とはいえ、それは僕らのライフスタイルを大きく変えるものではなく、これまでに存在していた要素を取り入れ、iPad一枚でなんでもできますよというコト。大きな進化ではあるけれど革命的ではない。
しかし第6世代となったiPad miniと出会った時、いや発表されたときが最初ではあるが、これは今までのiPadとは違うぞと感じたのだ。その発表会の主役はiPhone 13シリーズ。そんな中でも1番印象的だったのがiPad miniと感じたのは僕だけではない筈。と言うのも、様々なシーンで活躍してくれそうな、他に比肩する製品がないパワフルかつ高機能な端末だったからだ。
どこにでも携行できるサイズ
パッと見た印象では四六判の単行本に似たサイズのiPad miniをみると、そのほとんどは8.3インチの高精細かつ明るく鮮やかなディスプレイで覆われている。スリープからの復帰時に指を触れると指紋認証してくれるTouch IDでスムーズな利用が可能だが、実はコンパクトなのにパワフル。A15 BionicはiPhone 13シリーズと同じだから、最新ゲームを適度なサイズの画面で楽しめ、Apple Pencilと組み合わせればプロ向けのクリエイターツールでスケッチやメモ書きもできる。

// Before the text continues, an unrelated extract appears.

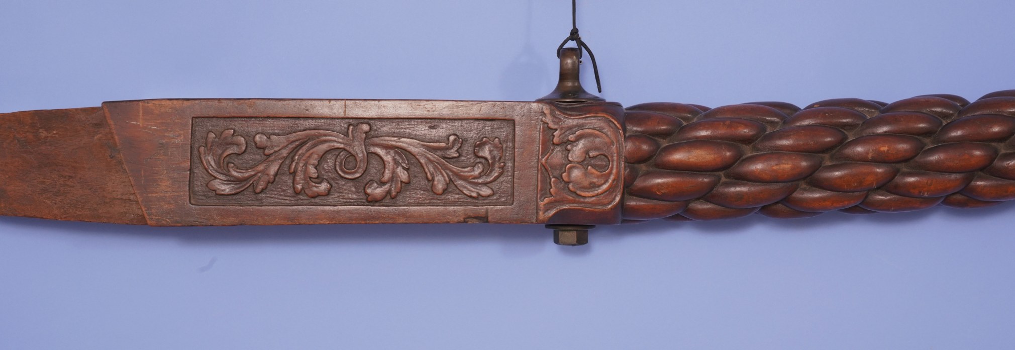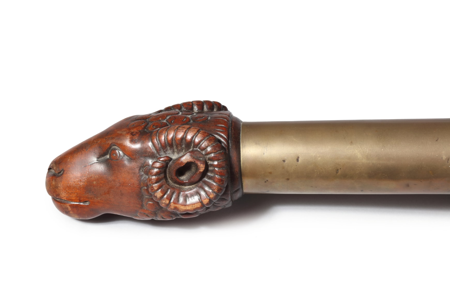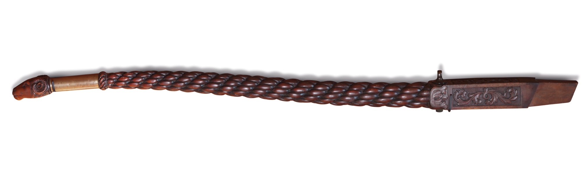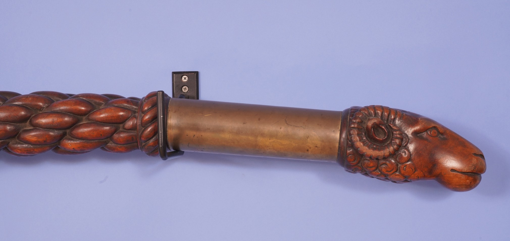Exceptional fine and large mahogany “Sunday” or exhibition tiller with “Ram’s Head” grip English circa 1880. The tiller’s carving quality and design is at the highest level and is amongst the finest yacht tillers in the world. The tiller is carved from a single and massive block of mahogany and has a typical but gentle “s” curved shape. The end of the tiller features a wonderfully carved ram’s head with fine detail and charm. Below the head the tiller shaft is rounded and covered with a brass collar which was probably used to grip the tiller for steering. At the end of the brass is a raised carved “Turks Head” transitional narrow section, followed by a long round carved section which has a carved multi- stranded rope carved section which is narrow at the front as widens as it moves towards the end. The final section of the tiller is rectangular with a finely carved panels on the sides and top. The end of the tiller is shaped so it would fit in firmly into the yacht’s rudder. At the front of the final section is a bronze eye with a through bolt going through the tiller and is threaded into a bolt at the bottom of the tiller. (FA-1093)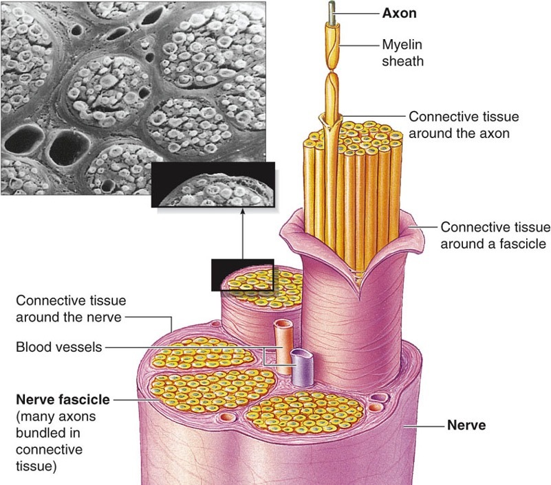 Nerve: bundle of peripheral neuronal axons (no neurons)

自撮りカメラの画質は画角122度という超広角から顔を追いかけるセンターフレーム機能を搭載。オンライン会議では自分の顔を追いかけ、家族そろってのテレビ電話では全員が収まるよう自動調整してくれる。コンパクトなiPad miniだからこそ、その時々、適した場所に持ち込んでオンラインコミュニケーションをはかることができるのだ。どこにでも顔を出せるフットワークの軽さと、何でもこなせるパワフルさ。その両方を兼ね備えるのだから、ミニタブレットにライバルはいないという説明にも納得していただけるだろう。
しかし僕がiPad miniに惚れたのは別の理由。iPad miniがあるとデジタルなライフスタイルが大きく変化するのだ。8.3インチ横画面は手軽に移動先でもゲームを楽しむのにピッタリだし、Apple Pencilと組み合わせればメモ書き、スケッチ、書類の訂正指示なども簡単。これ以上、小さいと役立たず、これ以上大きいと“何かと一緒には持ちたくない”という絶妙のサイズと重さ(300g未満)なのだ。
モデムやサブディスプレイにも
僕が気に入ったのはMacと組み合わせたときのお役立ち度。5Gモデム対応でスマホより電池容量が多いから、Macから通信モデム代わりに利用できる。Macのサブディスプレイ兼ペン入力タブレット代わりになるSidecarや、今年から加わったユニバーサルコントロール(MacからiPadに自動的に乗り入れて操作する機能)がiPad miniをMacの最高のパートナーにしてくれる。もちろんiPhoneに対するプラスワン端末としても魅力的。300gを切る軽さは、様々な使い方を想像させる。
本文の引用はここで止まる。